Esta situación podía explicarse dando por supuesto que los compuestos estaban formados por la unión de pequeños números de fragmentos de cada elemento y que sólo podían combinarse como objetos intactos. El químico inglés John Dalton señaló todo esto en 1803, y, en 1808, publicó un libro en el que se reunía la nueva información química conseguida durante el siglo y medio anterior, y que sólo tenía sentido si se suponía que la materia estaba compuesta de átomos indivisibles. (Dalton mantuvo la antigua voz griega como tributo a los pensadores de la Antigüedad.) No pasó mucho tiempo antes de que esta
teoría atómica
persuadiera a la mayoría de los químicos. Según Dalton, cada elemento posee una clase particular de átomo, y cualquier cantidad de elemento está compuesta de átomos idénticos de esa clase. Lo que distingue a un elemento de otro es la naturaleza de sus átomos. Y la diferencia física básica entre los átomos radica en su peso. Así, los átomos de azufre son más pesados que los de oxígeno, que, a su vez, son más pesados que los átomos de nitrógeno; éstos, a su vez también, son más pesados que los de carbono, y los mismos, más pesados que los de hidrógeno.
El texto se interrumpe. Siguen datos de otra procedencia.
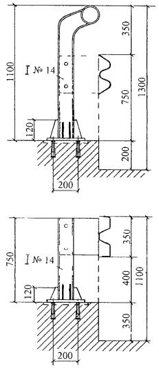 ограждение на мостовых сооружениях без тротуаров Типовая конструкция (Н=75 см; i=7 (6,5):1) может быть применена по краям пролетных строений без тротуаров при условии установки на парапет поручня в виде жесткой балки на стойках (рис. 3). Балки могут быть выполнены из коробчатого профиля, двутавра или трубы с сечением, имеющим момент сопротивления W»100 см3 (предпочтительней использование трубы диаметром не менее 120 мм). Момент сопротивления стоек должен находиться в пределах 50≤Wст≤100 см3. Крепление стойки к парапету осуществляют с помощью болтов М-20 с "глухой" гайкой, прижимающих фланец к закладной детали. На один сборный блок парапета устанавливают не менее двух стоек, шаг стоек не должен превышать 3 м. Указанную конструкцию ограждения общей высотой 1,1 м с удерживающей способностью E=300*) кДж устраивают при следующих условиях движения на дороге: а) IV категории - опасные; б) III категории - любые, в) II категории - легкие и затрудненные; г) I категории - легкие. *) При изменении сечения и
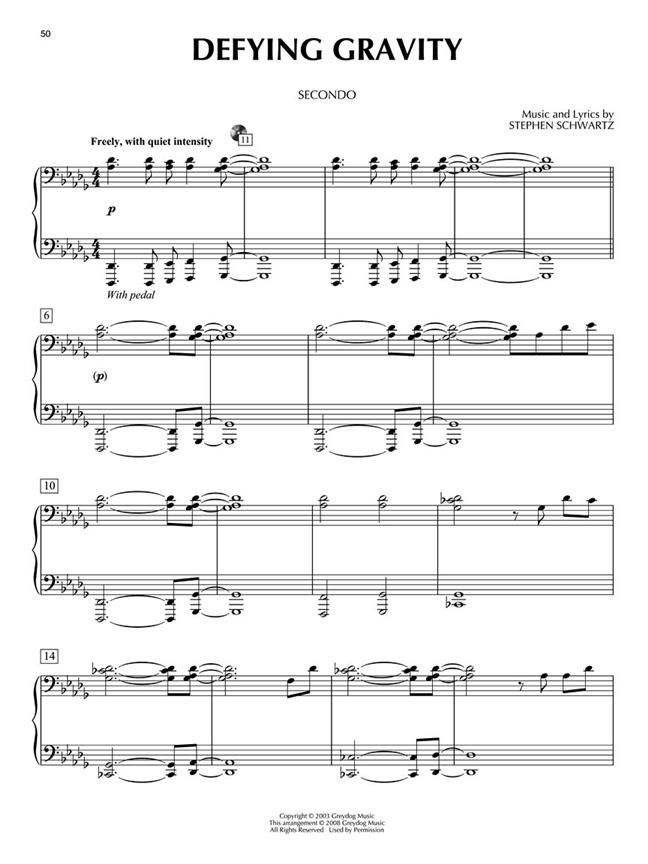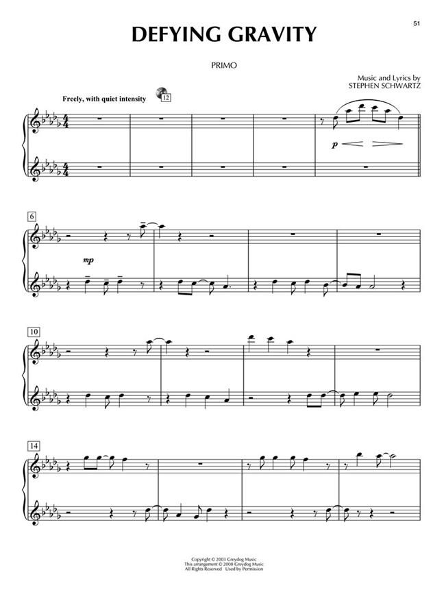 This great series comes with a CD that features separate tracks for the Primo and Secondo parts - perfect for practice and performance! 8 selections from the hit musical, including: Dancing Through Life - Defying Gravity - For Good - I Couldn't Be Happier - I'm Not That Girl - Popular - What Is This Feeling? - The Wizard and I.

El químico italiano Amadeo Avogadro aplicó a los gases la teoría atómica y demostró que volúmenes iguales de un gas, fuese cual fuese su naturaleza, estaban formados por el mismo número de partículas. Es la llamada «hipótesis de Avogadro». Al principio se creyó que estas partículas eran átomos; pero luego se demostró que estaban compuestas, en la mayor parte de los casos, por pequeños grupos de átomos, llamados «moléculas». Si una molécula contiene átomos de distintas clases (como la molécula de agua, que tiene un átomo de oxígeno y dos de hidrógeno), es una molécula de un «compuesto químico». Naturalmente, era importante medir los pesos relativos de los distintos átomos, para hallar los «pesos atómicos» de los elementos. Pero los pequeños átomos se hallaban muy lejos de las posibilidades ponderables del siglo XIX. Mas, pesando la cantidad de cada elemento separado de un compuesto y haciendo deducciones a partir del comportamiento químico de los elementos, se pudieron establecer los pesos relativos de los átomos. El primero en realizar este trabajo de forma sistemática fue el químico sueco Jóns Jacob Berzelius. En 1828 publicó una lista de pesos atómicos basados en dos patrones de referencia: uno, el obtenido al dar el peso atómico del oxígeno el valor 100, y el otro, cuando el peso atómico del hidrógeno se hacía igual a 1.
El sistema de Berzelius no alcanzó inmediata aceptación; pero en 1860, en el I Congreso Internacional de Química, celebrado en Karlsruhe (Alemania), el químico italiano Stanislao Cannizzaro presentó nuevos métodos para determinar los pesos atómicos, con ayuda de la hipótesis de Avogadro, menospreciada hasta entonces. Describió sus teorías de forma tan convincente, que el mundo de la Química quedó conquistado inmediatamente. Se adoptó como unidad de medida el peso del oxígeno en vez del del hidrógeno, puesto que el oxígeno podía ser combinado más fácilmente con los diversos elementos —y tal combinación era el punto clave del método usual para determinar los pesos atómicos—. El peso atómico del oxígeno fue medido convencionalmente, en 1850, por el químico belga Jean Serváis Stas, quien lo fijó en 16, de modo que el peso atómico del hidrógeno, el elemento más ligero conocido hasta ahora, sería, aproximadamente, de 1; para ser más exactos: 1,0080.